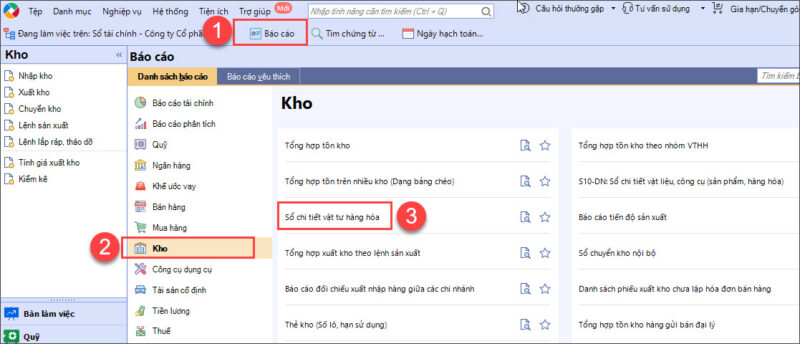Nếu tính xong kiểm tra vẫn không lên giá vốn thì chuyển qua Bước 2. Bước 2: Kiểm tra mặt hàng đang không lên giá vốn có xuất quá số lượng tồn kho không? 1. Vào Báo cáo/ Kho / Sổ chi tiết vật tư hàng hóa.
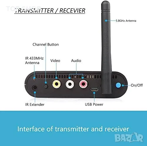 【Вграден 5,8 G wifi, предаване от точка до точка 】Безжичен rca приемник за предаване поддържа 5,8 GHz ISM честотна лента. Предавателят и приемникът могат да се използват в режими от точка до много точки. Вграденият 5.8G wifi кара изпращача и получателя да се свързват, няма нужда от локална wifi мрежа, за да работи. 5,8 GHz високочестотна схема на предаване, ясно и стабилно качество на картината.
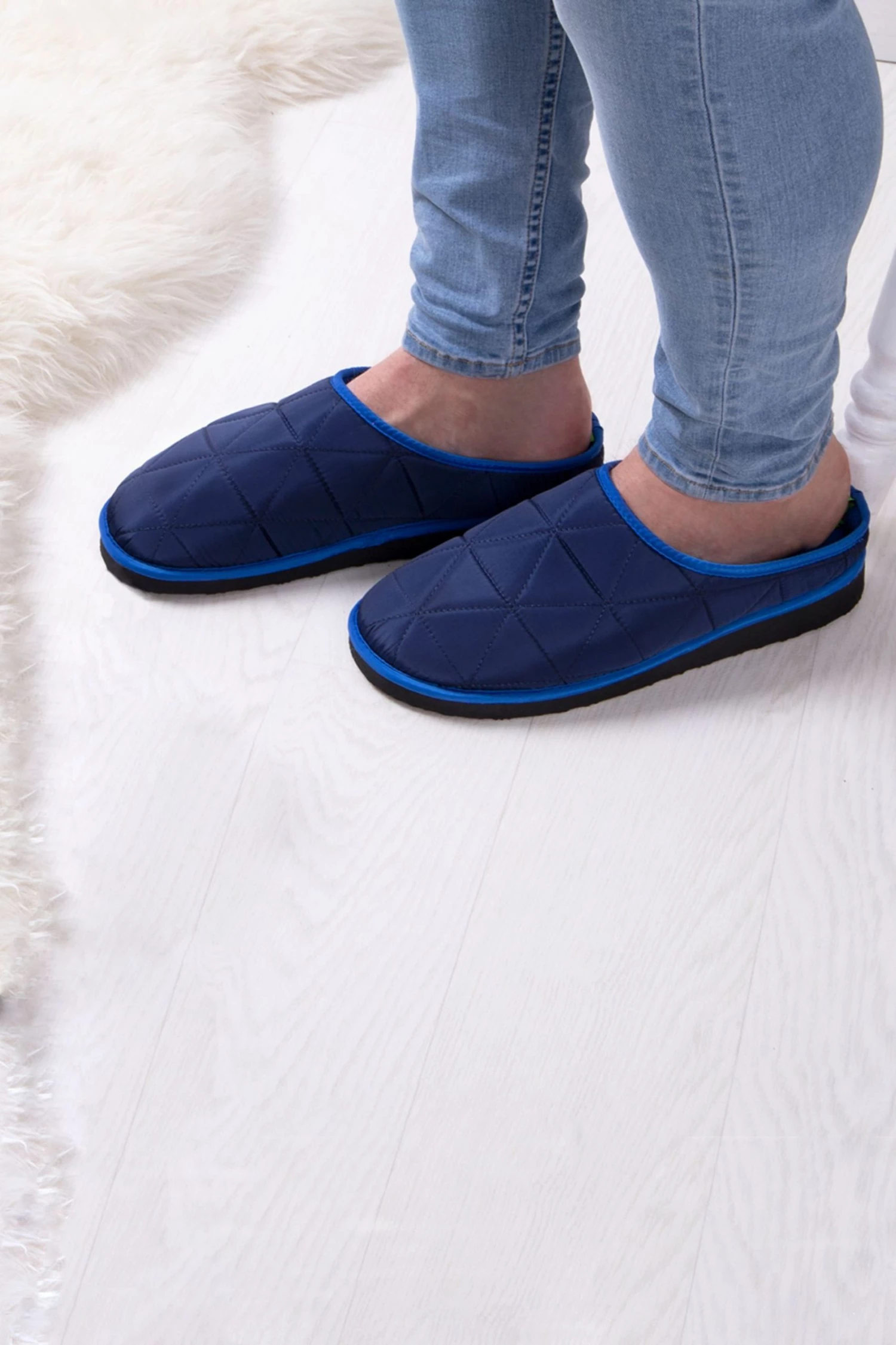 New to totes, These Mens Premium Quilted Slippers feature Fleece Lining, Quilted Polyester Design and a EVA Sole for Extra Comfort.

_ _ _ _ _

§ **What this task involves**
Only exact copies are wanted here. Write out the lines from the one containing "качество на картината." through the end of the material and no others, omitting all pictures.

§ **Answer for this exercise**
 【Вграден 5,8 G wifi, предаване от точка до точка 】Безжичен rca приемник за предаване поддържа 5,8 GHz ISM честотна лента. Предавателят и приемникът могат да се използват в режими от точка до много точки. Вграденият 5.8G wifi кара изпращача и получателя да се свързват, няма нужда от локална wifi мрежа, за да работи. 5,8 GHz високочестотна схема на предаване, ясно и стабилно качество на картината.
 New to totes, These Mens Premium Quilted Slippers feature Fleece Lining, Quilted Polyester Design and a EVA Sole for Extra Comfort.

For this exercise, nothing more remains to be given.